Поднимаюсь, чтобы принести из ванны бумажные полотенца. Но трусики не надеваю. Всё равно промокнут. Кирилл протягивает руку, чтобы я могла удобно устроиться под его боком.
— Софи, прости. Меня занесло. Но я исправлюсь. Обещаю.
— Друзья не спят в одной кровати, Кирилл. Исправления нужно начинать с этого момента.
Он не успевает ответить, так как его телефон извещает о входящем сообщении.
— Чёрт, — бормочет мужчина и убирает из-под моей головы свою руку, чтобы написать ответ.
— По работе? — интересуюсь я. — Чьи-то деньги убегают?
— Лучше бы деньги, — ворчит Воронцов. — Анжелика сегодня решила перепиской заняться.
— А-а. Как в народе говорят: «Любишь кататься — люби и саночки возить», — по-дурацкой привычке обратно думаю вслух. Так как руку забрали, устраиваю свою голову где-то под воронцовским плечом и с чистой совестью засыпаю. А тот, у кого она нечиста, пусть тычет в темноте пальцами в экран гаджета.
Утром всё на повторе: ранний подъём, завтрак, дорога домой. На прощание Кирилл аккуратно целует меня в висок и обещает написать, когда долетит.
Я неспешно бреду по бурлящему от людского потока проспекту. Воздух ещё морозен, но пахнет весной. Этот лёгкий бодрящий, наполненный кислородом, цветочный запах не заглушить тяжёлыми ароматами бензина и пыли двухмиллионного города. Дышу полной грудью, изредка прислушиваясь к себе. Но бесёнок молчит. То ли спит, то ли увяз в густом и сладком мёде. Я не скучаю по нему. Я. Сама у себя. Мне достаточно!
Глава 20. Дежурные фразы
Кирилл на неделе звонит лишь один раз. Мы перебрасываемся дежурными фразами. Он спрашивает про ремонт сантехники, я рассказываю, что всё сделано хорошо. Ну, смотрится хорошо. Если опять прорвёт, то он узнает об этом первым.
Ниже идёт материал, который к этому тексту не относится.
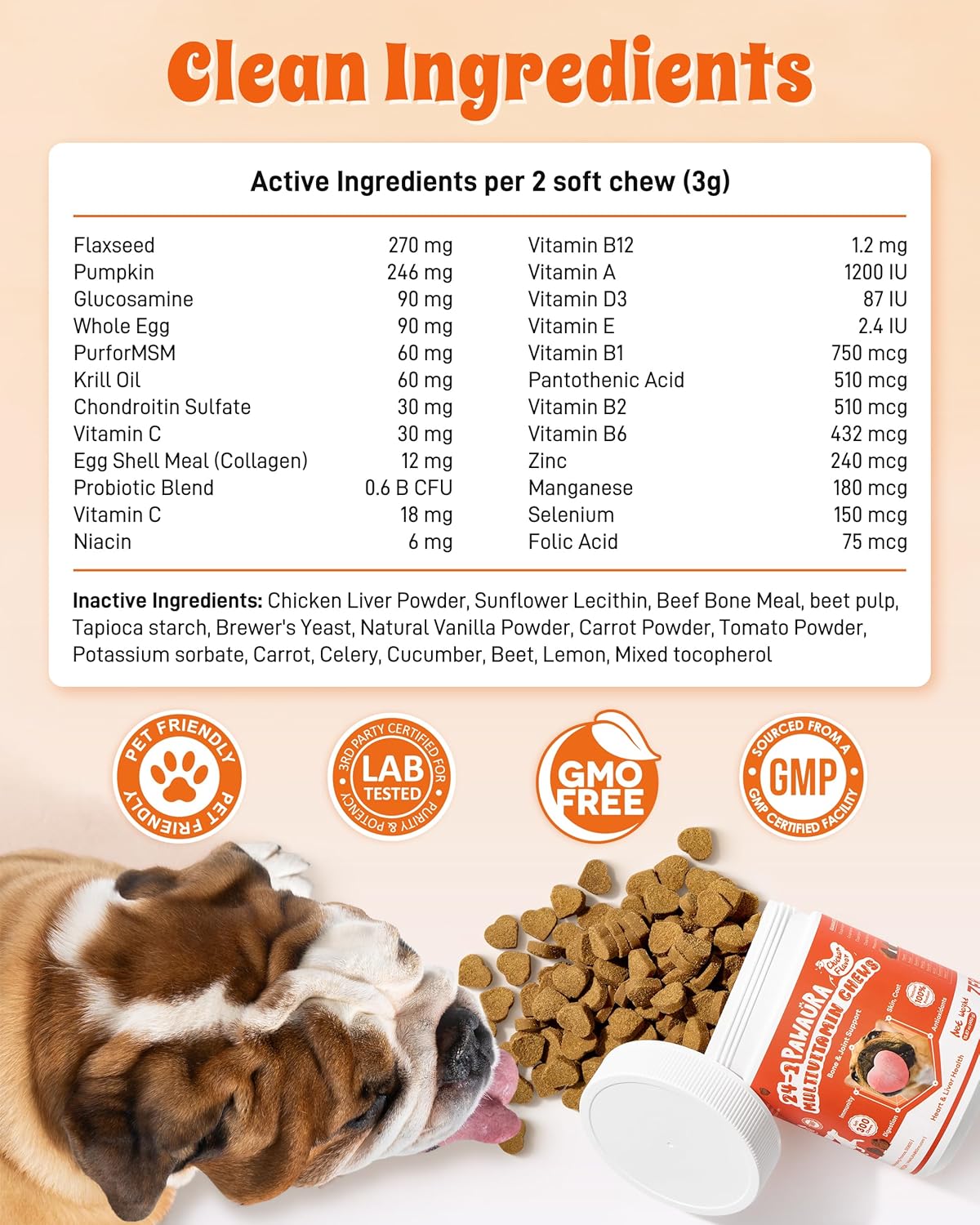 【QUALITY FORMULA & CLEAN INGREDIENTS】Made with thoughtfully selected ingredients and produced in a GMP-certified facility. Non-GMO, corn-free, wheat-free, and soy-free, with no artificial colors or flavors. Carefully crafted to support long-term daily wellness for puppies, adult dogs, and senior dogs alike.

Конец недели плотно занят работой, а в воскресенье привычно приходит Алина с Владиком.
— Одна? — прежде, чем зайти, подруга зачем-то смотрит через моё плечо.
— А с кем мне ещё быть? Аллергия на котов не лечится.
— Я Кирилла имела в виду. Всё же — что у тебя с ним?
Честно пожимаю плечами:
— А что у меня может быть с ним?
— А что бывает у мужчин и женщин? — вопросом на вопрос отвечает подруга. — Кирилл не похож на сноба. Да и тебе не нужно у него побираться. Дружите в своё удовольствие.
— Дружим, — подтверждаю я.
— Ну какая у вас может быть дружба? — Алина словно сама с собой разговаривает. — Когда дружат бабка с дедкой, ещё понять можно. Они дальше общей лавочки просто не дойдут ещё с кем-нибудь подружить.
— Значит, у нас не понятая дружба, — отвечаю я и перевожу разговор на другую тему: — Как твой новый сосед?
— Я снова себя дурой выставила, — признаётся подруга.